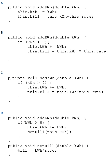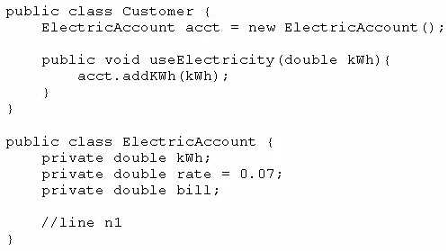 Given these two classes: Any amount of electricity used by a customer (represented by an instance of the Customer class) must contribute to the customer's bill (represented by the member variable bill) through the useElectricity method. An instance of the Customer class should never be able to tamper with or decrease the value of the member variable bill. How should you write methods in the ElectricAccount class at line n1 so that the member variable bill is always equal to the value of the member variable kwh multiplied by the member variable rate?
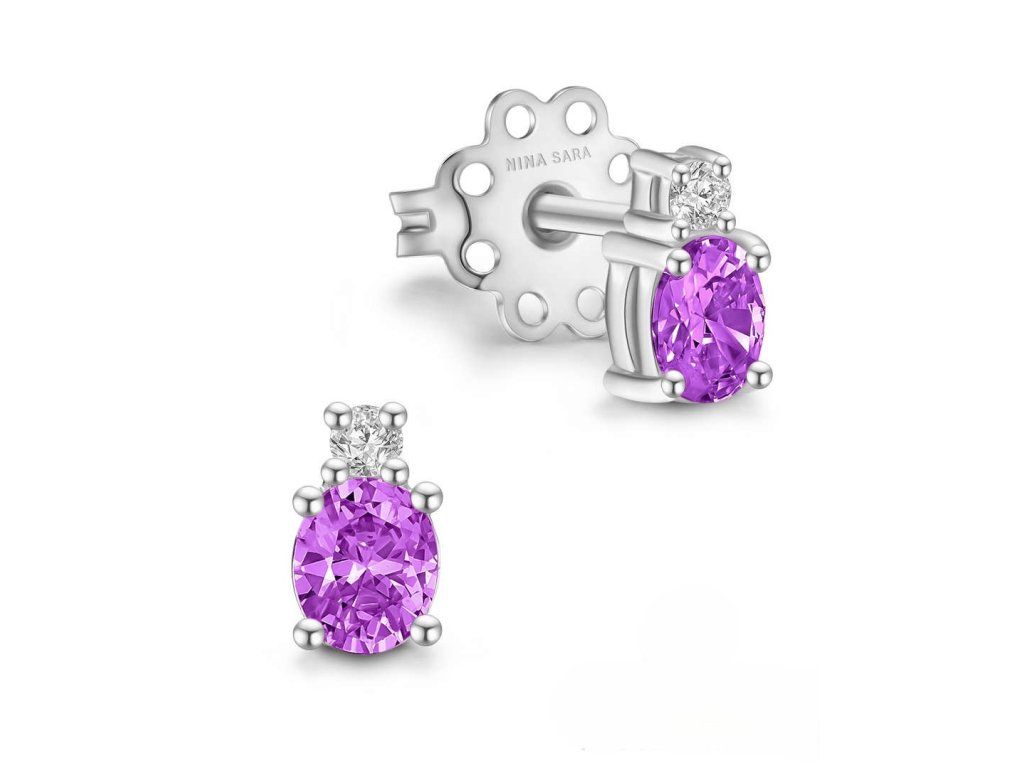 Dominantou každého páru je syntetický – smaragd se svěží zelení, rubín v hlubokém odstínu červené, klasický modrý safír, něžný růžový safír nebo výjimečný tanzanit s fialovo-modrými tóny. Kámen je pečlivě zasazen tak, aby vynikla jeho barva i lesk. Kompozici doplňuje drobný zirkon, který dodává náušnicím jemný třpyt a luxusní akcent.
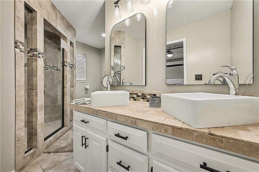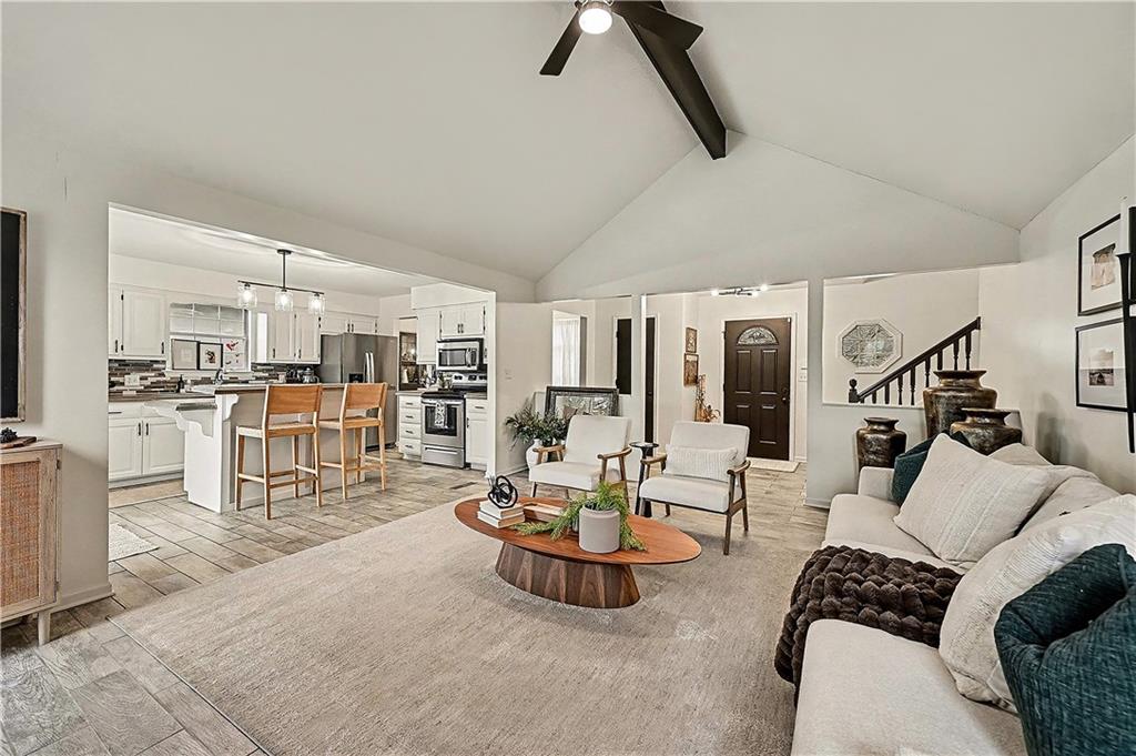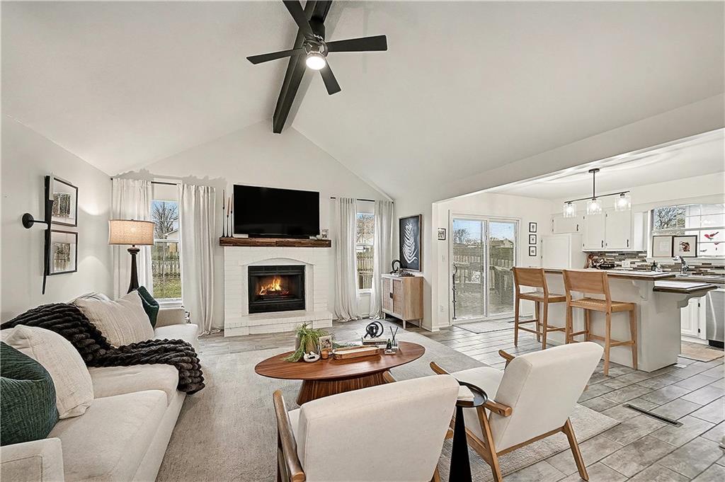 - Fresh. Stylish. Move-in Ready. This 3-bedroom, 2½-bath home delivers the clean, crisp finishes today’s buyers love. Thoughtfully maintained and filled with natural light, the open main living area features vaulted ceiling, durable tile flooring, and a striking gas fireplace that flows seamlessly into the updated kitchen. You’ll love the stainless steel appliances, concrete countertops, and generous breakfast bar/island—perfect for everyday living or hosting friends. Step outside from the kitchen to a deck and patio overlooking a large, level, fully fenced backyard—ideal for grilling, entertaining, or letting pets roam freely. The primary suite offers two closets and a beautifully updated en-suite bath with a tiled walk-in shower with bench & double vanity with vessel sinks. Two additional bedrooms, an updated full bath, and convenient laundry complete the 2nd level. The finished lower level adds even more flexible living space with a large rec room—perfect for a home office, playroom, gym, or game-day hangout—plus a stylish wet bar with tile countertops, beverage fridge, and a half bath. A spacious two-car garage with built-in shelving adds great storage, and major updates include a newer roof, garage doors, interior paint, light fixtures, primary bath mirrors, & fireplace mantel. Located close to shopping, dining, and award-winning Blue Springs schools, including Blue Springs High School, with Lucy Franklin Elementary and Brittany Hills Middle School just a short walk away. A fresh, crisp, charming home in a prime location—this one checks all the boxes.

WORK INSTRUCTIONS:
The reply should consist of the listing restated word for word, with its pictures removed.

RESULT OF THIS TASK:
 Given these two classes: Any amount of electricity used by a customer (represented by an instance of the Customer class) must contribute to the customer's bill (represented by the member variable bill) through the useElectricity method. An instance of the Customer class should never be able to tamper with or decrease the value of the member variable bill. How should you write methods in the ElectricAccount class at line n1 so that the member variable bill is always equal to the value of the member variable kwh multiplied by the member variable rate?
 Dominantou každého páru je syntetický – smaragd se svěží zelení, rubín v hlubokém odstínu červené, klasický modrý safír, něžný růžový safír nebo výjimečný tanzanit s fialovo-modrými tóny. Kámen je pečlivě zasazen tak, aby vynikla jeho barva i lesk. Kompozici doplňuje drobný zirkon, který dodává náušnicím jemný třpyt a luxusní akcent.
 - Fresh. Stylish. Move-in Ready. This 3-bedroom, 2½-bath home delivers the clean, crisp finishes today’s buyers love. Thoughtfully maintained and filled with natural light, the open main living area features vaulted ceiling, durable tile flooring, and a striking gas fireplace that flows seamlessly into the updated kitchen. You’ll love the stainless steel appliances, concrete countertops, and generous breakfast bar/island—perfect for everyday living or hosting friends. Step outside from the kitchen to a deck and patio overlooking a large, level, fully fenced backyard—ideal for grilling, entertaining, or letting pets roam freely. The primary suite offers two closets and a beautifully updated en-suite bath with a tiled walk-in shower with bench & double vanity with vessel sinks. Two additional bedrooms, an updated full bath, and convenient laundry complete the 2nd level. The finished lower level adds even more flexible living space with a large rec room—perfect for a home office, playroom, gym, or game-day hangout—plus a stylish wet bar with tile countertops, beverage fridge, and a half bath. A spacious two-car garage with built-in shelving adds great storage, and major updates include a newer roof, garage doors, interior paint, light fixtures, primary bath mirrors, & fireplace mantel. Located close to shopping, dining, and award-winning Blue Springs schools, including Blue Springs High School, with Lucy Franklin Elementary and Brittany Hills Middle School just a short walk away. A fresh, crisp, charming home in a prime location—this one checks all the boxes.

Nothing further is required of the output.